■ **WHAT YOU HAVE TO DO**: What are the lines, word for word, from the line with "El convertidor de" up to and including the line with "looked at you |" in the records below? Omit the pictures.

■ **PROVIDED DATA**:
════════════════════

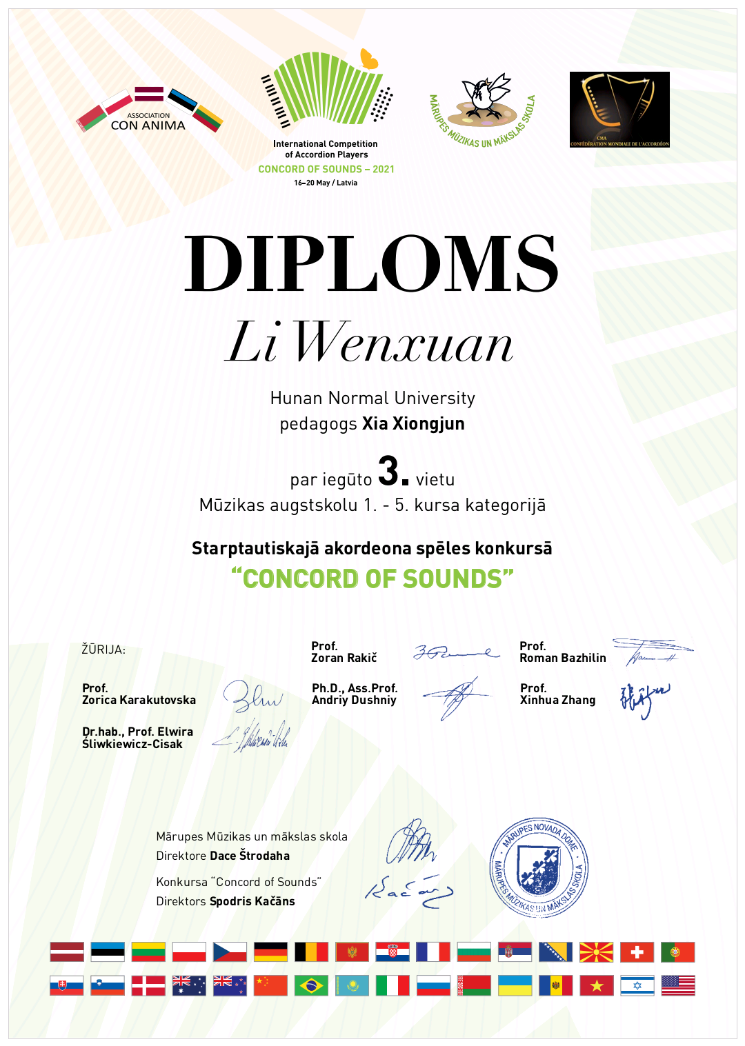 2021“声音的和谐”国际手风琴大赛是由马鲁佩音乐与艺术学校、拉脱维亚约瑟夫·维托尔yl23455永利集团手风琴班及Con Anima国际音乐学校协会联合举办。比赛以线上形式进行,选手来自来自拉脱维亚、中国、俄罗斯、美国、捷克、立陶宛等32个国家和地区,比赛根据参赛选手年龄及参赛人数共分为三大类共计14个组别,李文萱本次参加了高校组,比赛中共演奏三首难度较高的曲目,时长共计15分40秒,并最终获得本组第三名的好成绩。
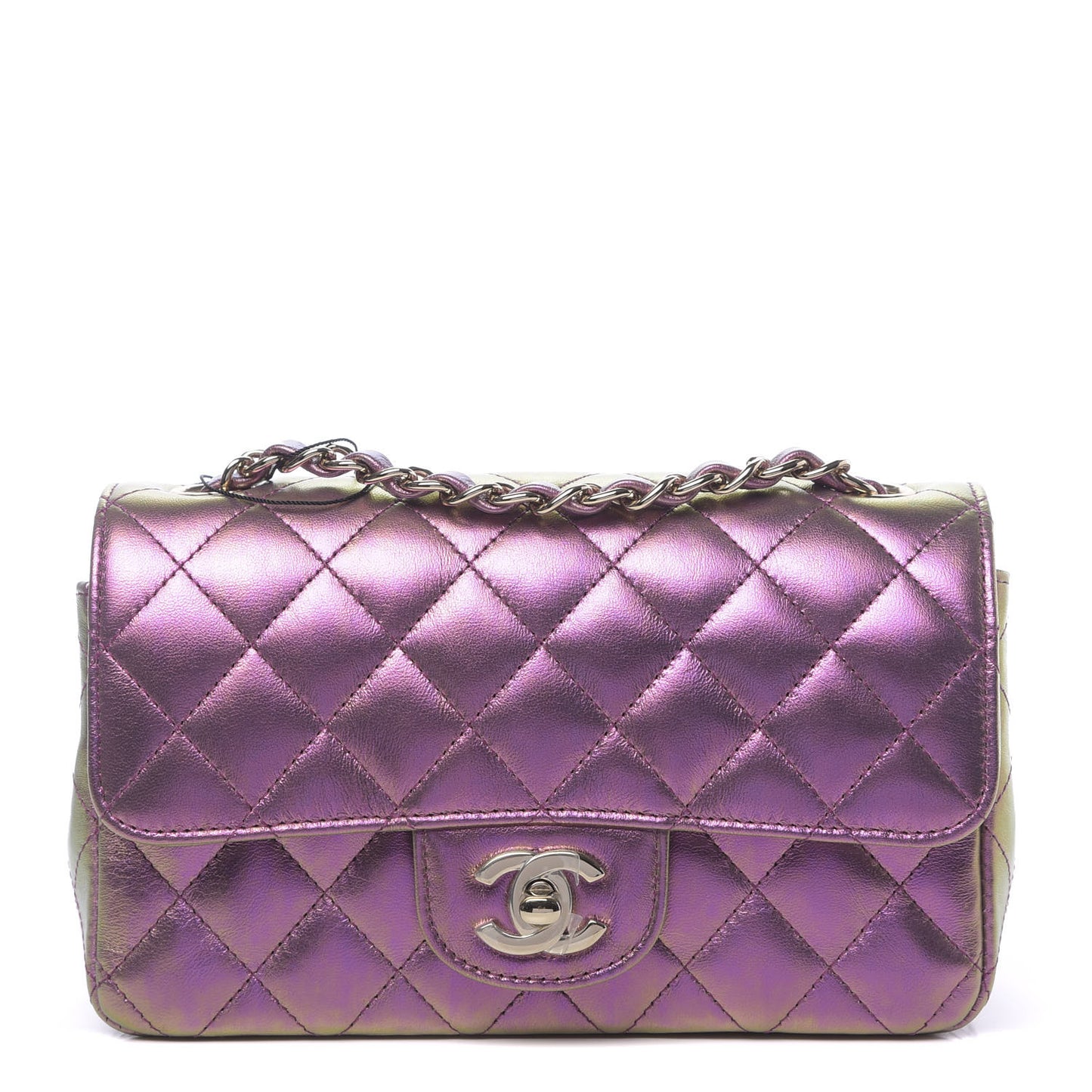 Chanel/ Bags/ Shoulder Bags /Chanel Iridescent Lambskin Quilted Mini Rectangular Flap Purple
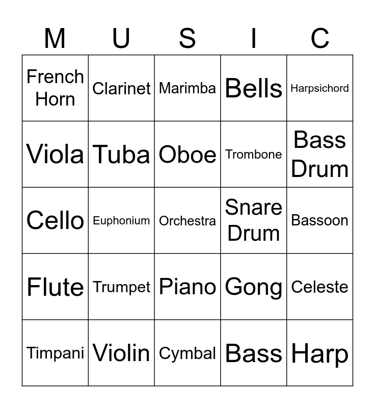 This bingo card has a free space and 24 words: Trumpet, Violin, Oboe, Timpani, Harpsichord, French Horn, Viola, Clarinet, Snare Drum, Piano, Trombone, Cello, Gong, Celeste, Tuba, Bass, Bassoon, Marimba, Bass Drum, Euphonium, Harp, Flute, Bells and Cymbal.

════════════════════

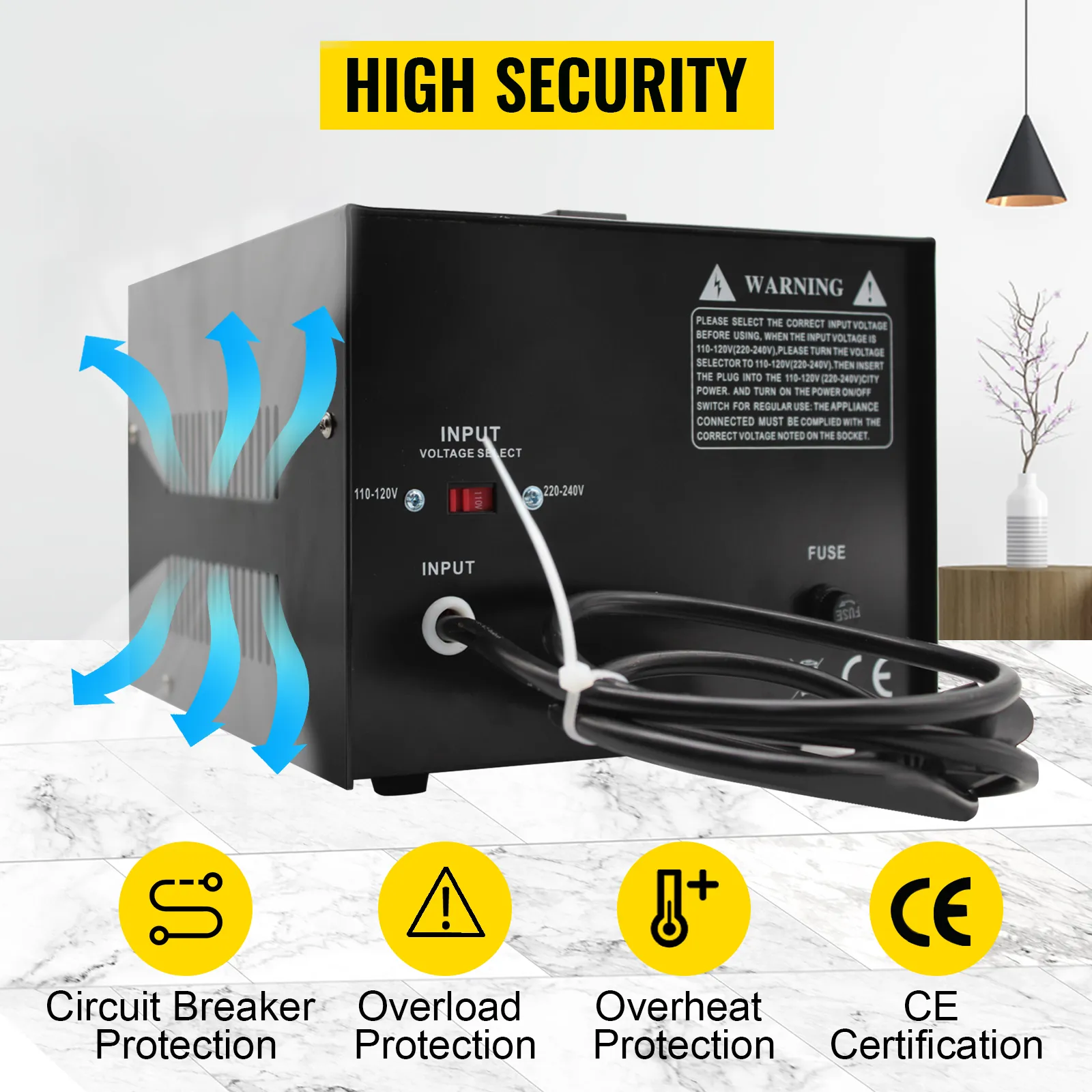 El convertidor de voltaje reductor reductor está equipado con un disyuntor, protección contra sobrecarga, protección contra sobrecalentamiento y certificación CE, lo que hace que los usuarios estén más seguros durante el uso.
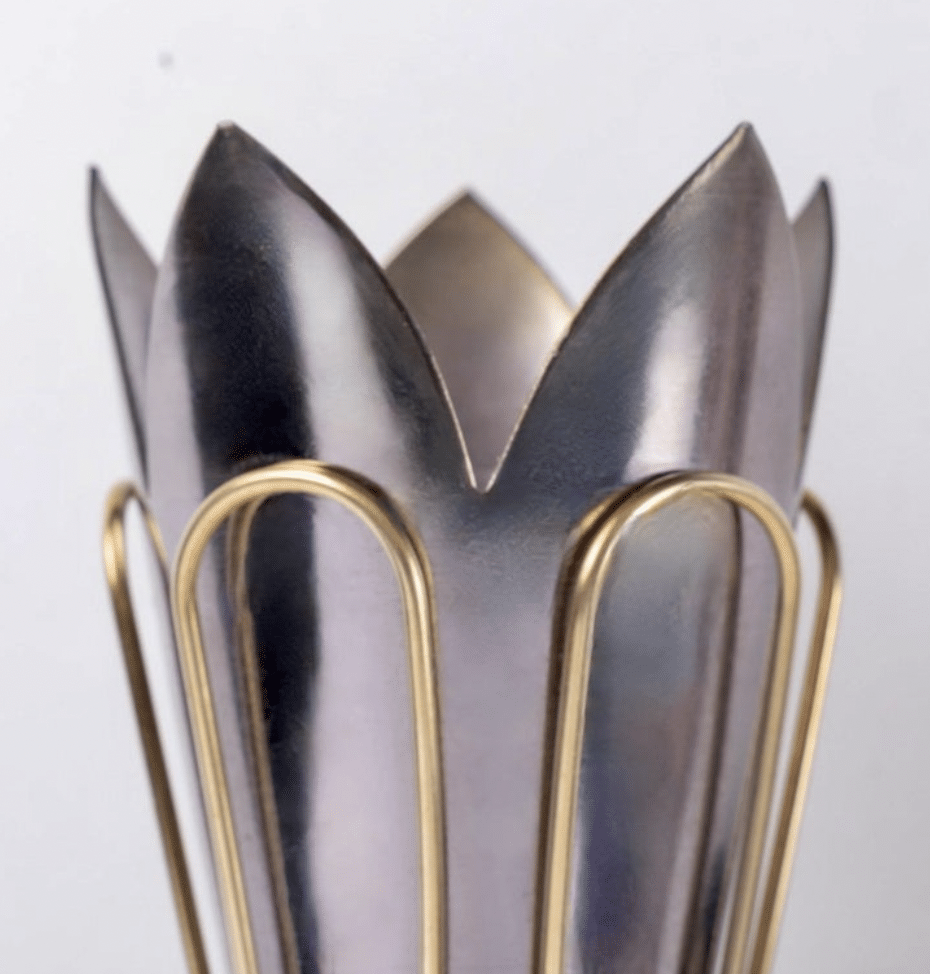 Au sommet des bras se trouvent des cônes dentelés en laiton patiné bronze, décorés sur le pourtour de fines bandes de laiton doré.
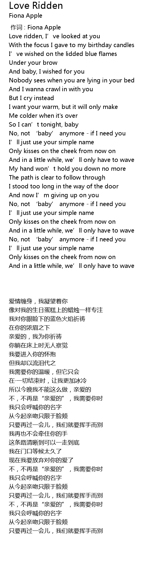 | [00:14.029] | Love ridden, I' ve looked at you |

════════════════════

■ **WRITTEN RESPONSE**:
 El convertidor de voltaje reductor reductor está equipado con un disyuntor, protección contra sobrecarga, protección contra sobrecalentamiento y certificación CE, lo que hace que los usuarios estén más seguros durante el uso.
 Au sommet des bras se trouvent des cônes dentelés en laiton patiné bronze, décorés sur le pourtour de fines bandes de laiton doré.
 | [00:14.029] | Love ridden, I' ve looked at you |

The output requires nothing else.